→ TASK ITEM
Quote all lines below exactly. Images stay out.

→ GIVEN MATERIAL

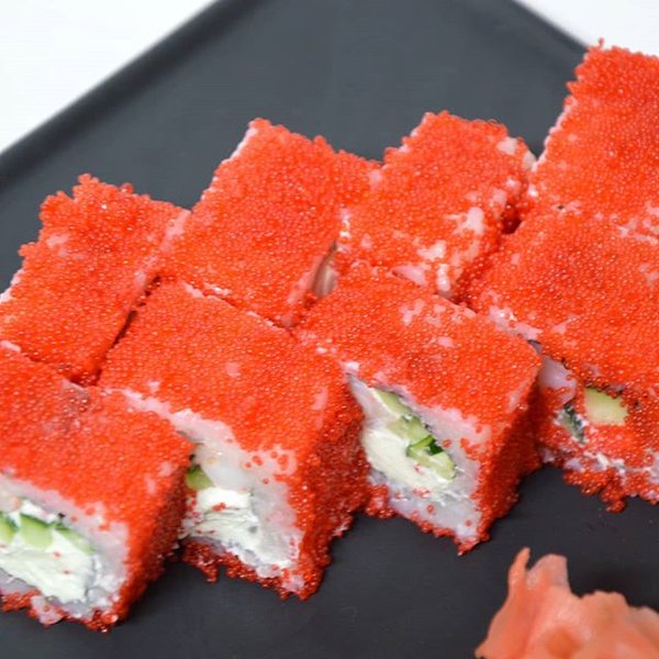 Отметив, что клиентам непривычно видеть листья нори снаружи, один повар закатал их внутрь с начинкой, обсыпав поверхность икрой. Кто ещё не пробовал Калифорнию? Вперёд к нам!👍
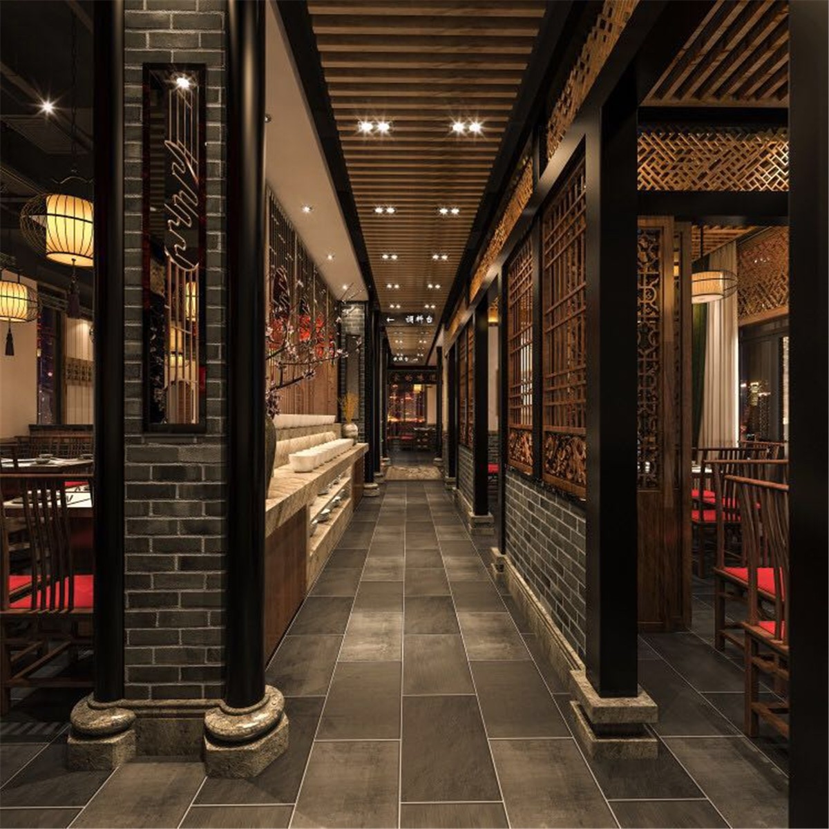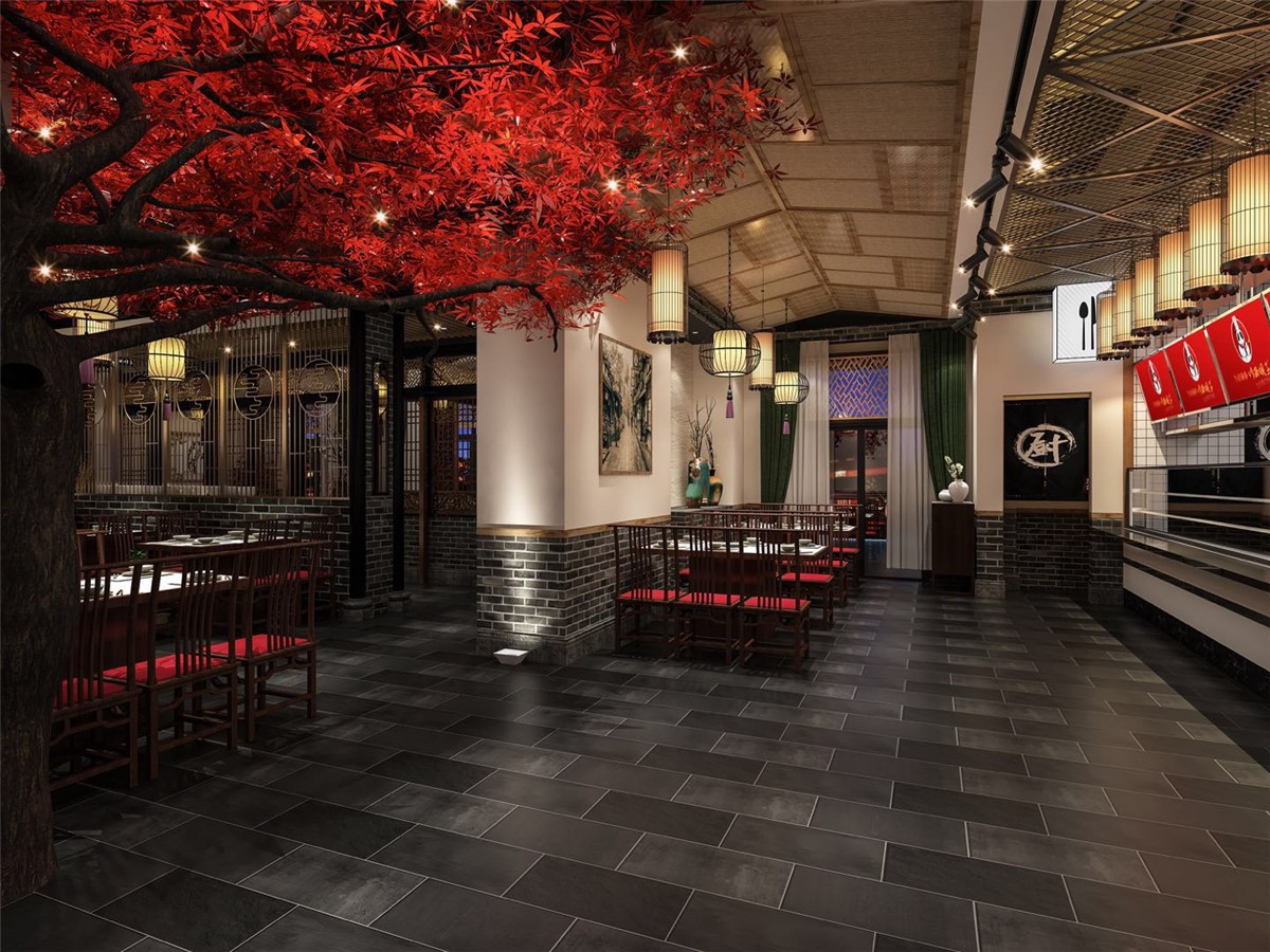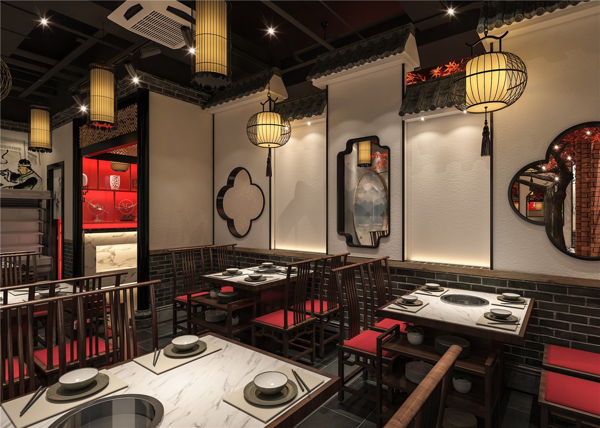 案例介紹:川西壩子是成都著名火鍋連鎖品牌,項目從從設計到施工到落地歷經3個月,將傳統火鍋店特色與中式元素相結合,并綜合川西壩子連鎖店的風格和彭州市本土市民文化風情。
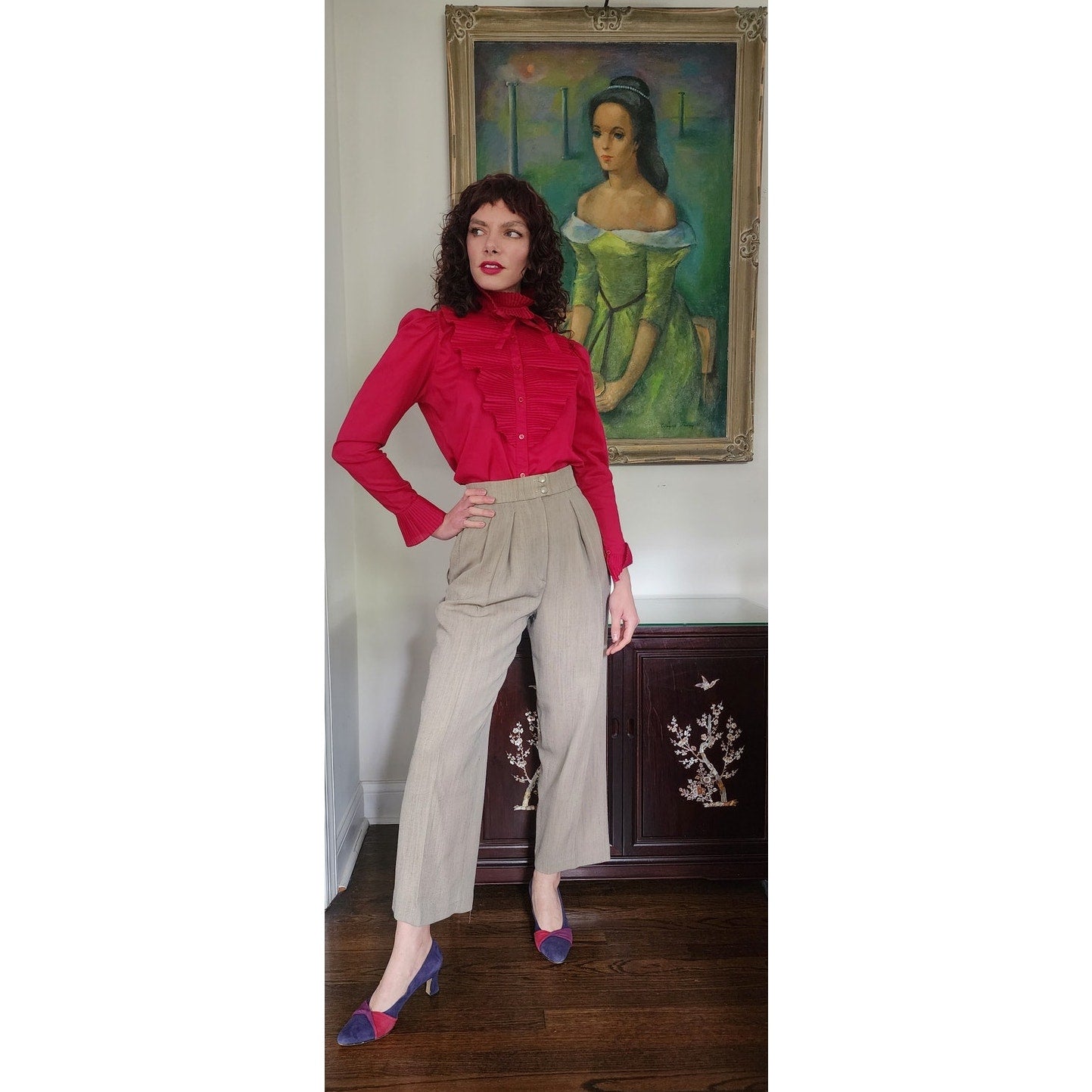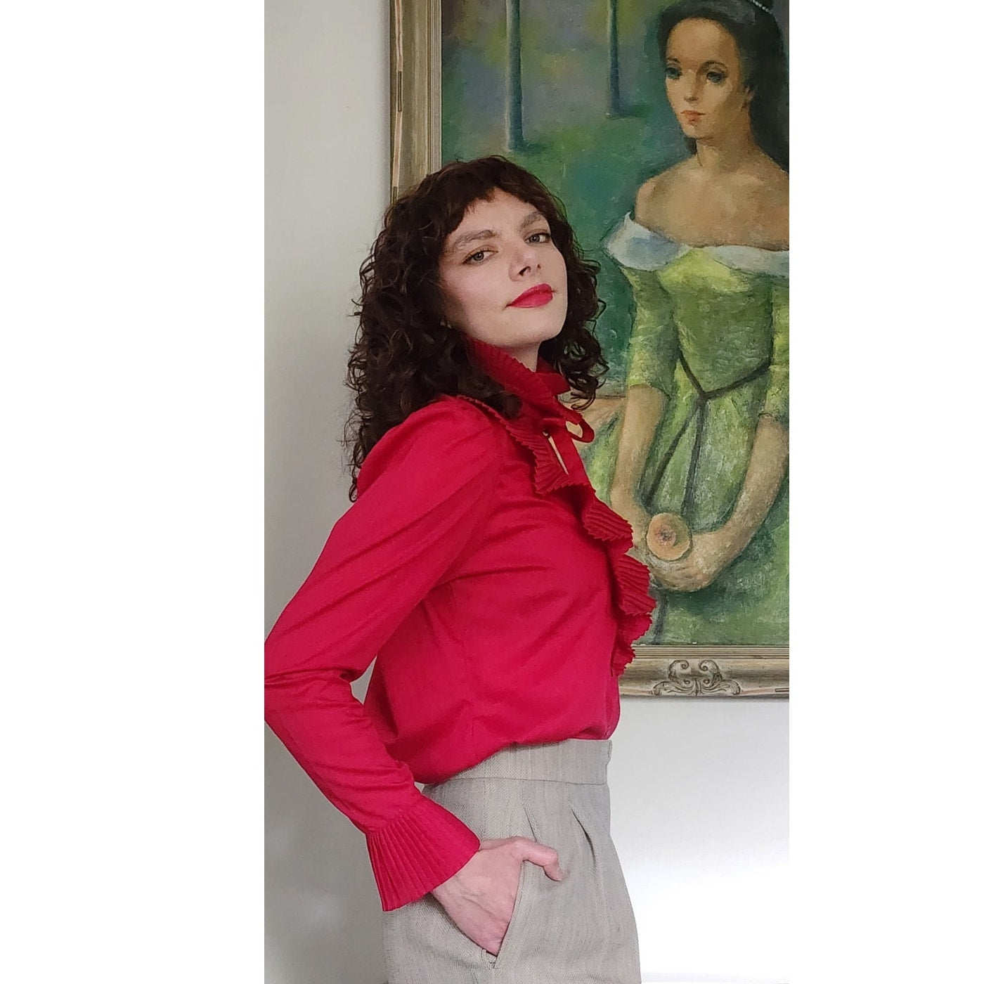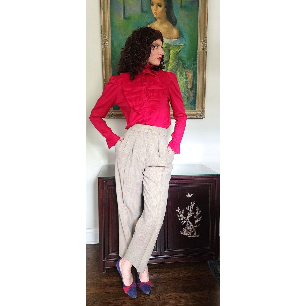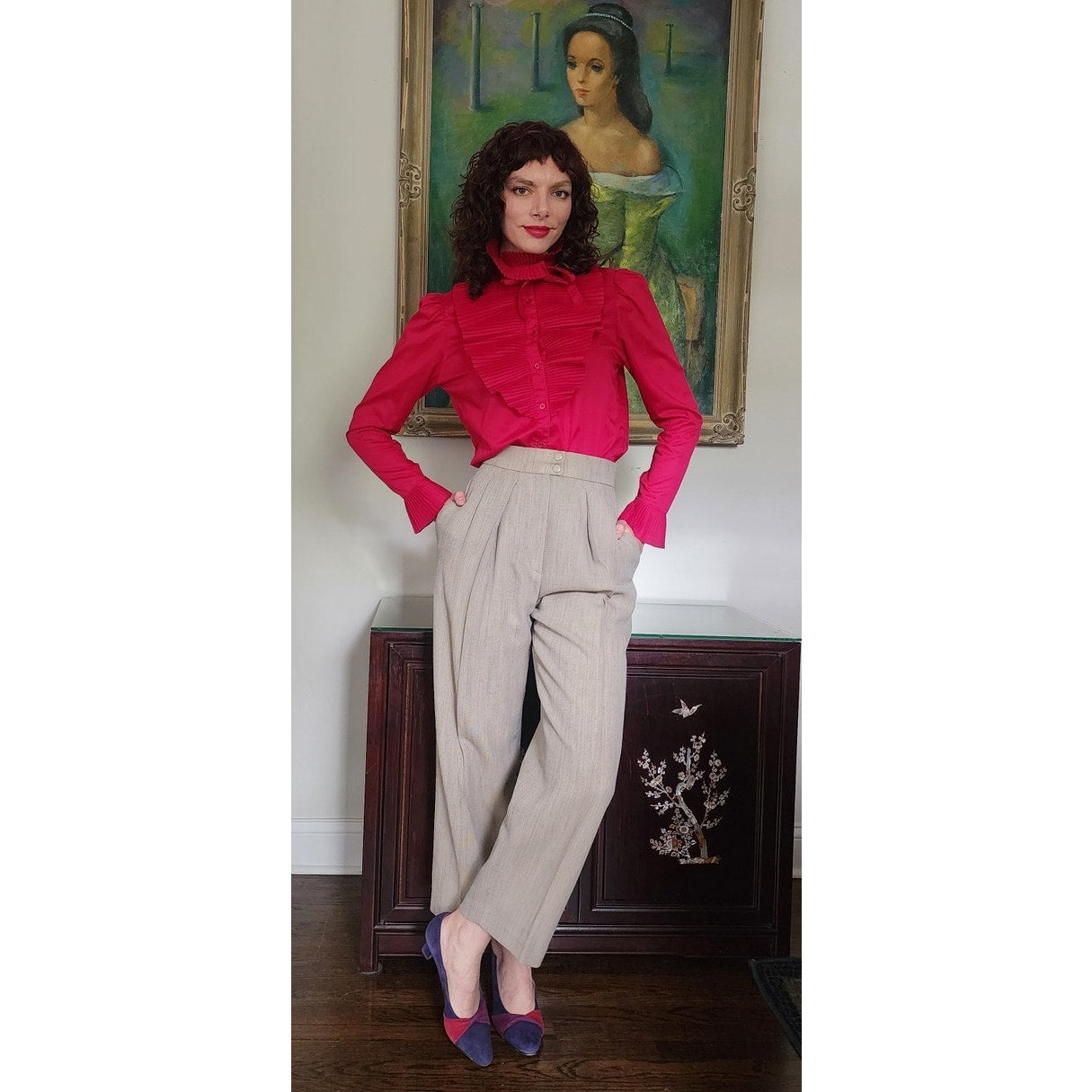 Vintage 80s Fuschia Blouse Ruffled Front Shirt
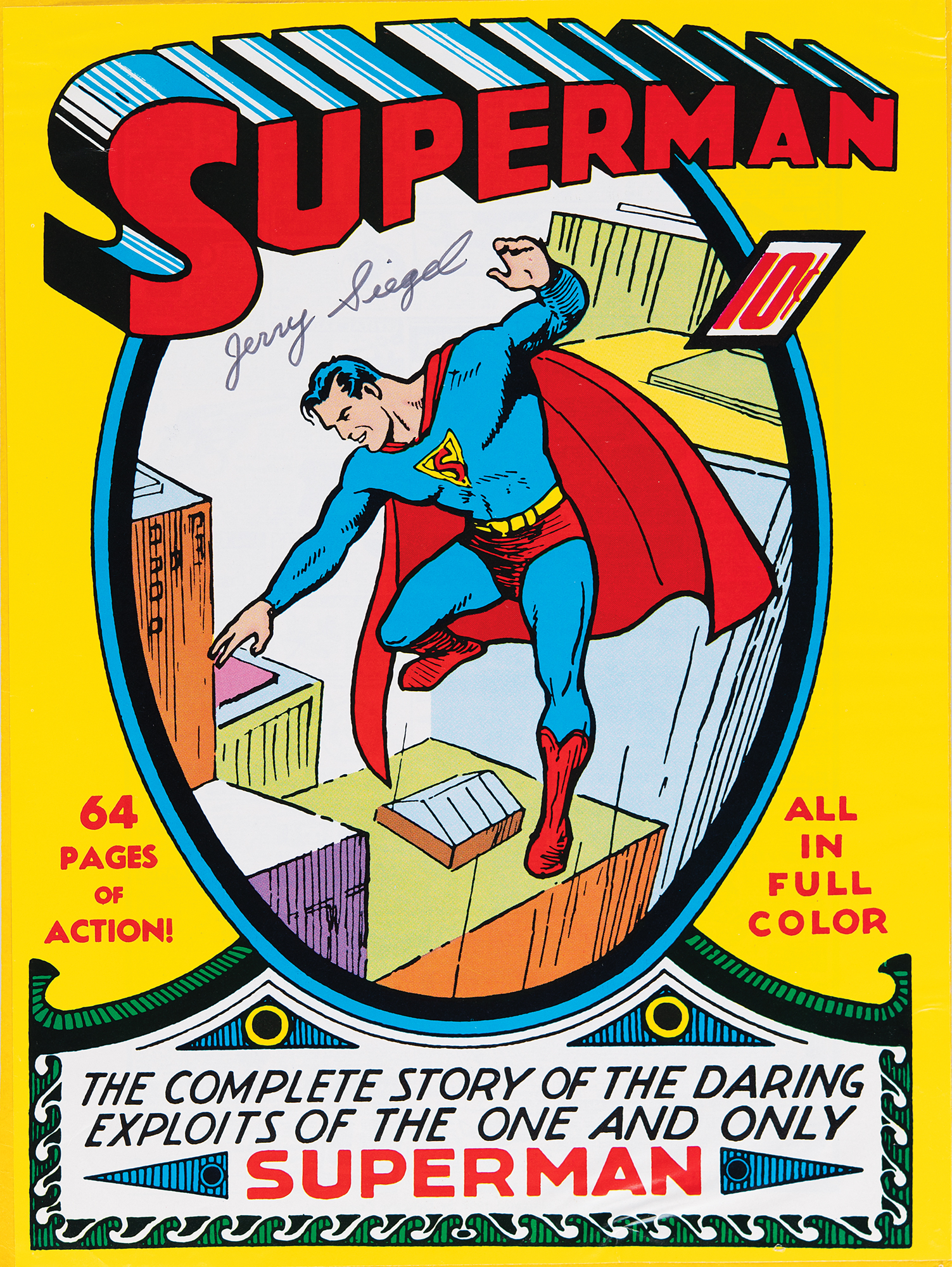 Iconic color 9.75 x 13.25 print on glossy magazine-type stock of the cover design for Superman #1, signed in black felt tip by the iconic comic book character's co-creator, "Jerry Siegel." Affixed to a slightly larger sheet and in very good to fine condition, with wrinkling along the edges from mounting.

→ TASK OUTPUT
 Отметив, что клиентам непривычно видеть листья нори снаружи, один повар закатал их внутрь с начинкой, обсыпав поверхность икрой. Кто ещё не пробовал Калифорнию? Вперёд к нам!👍
 案例介紹:川西壩子是成都著名火鍋連鎖品牌,項目從從設計到施工到落地歷經3個月,將傳統火鍋店特色與中式元素相結合,并綜合川西壩子連鎖店的風格和彭州市本土市民文化風情。
 Vintage 80s Fuschia Blouse Ruffled Front Shirt
 Iconic color 9.75 x 13.25 print on glossy magazine-type stock of the cover design for Superman #1, signed in black felt tip by the iconic comic book character's co-creator, "Jerry Siegel." Affixed to a slightly larger sheet and in very good to fine condition, with wrinkling along the edges from mounting.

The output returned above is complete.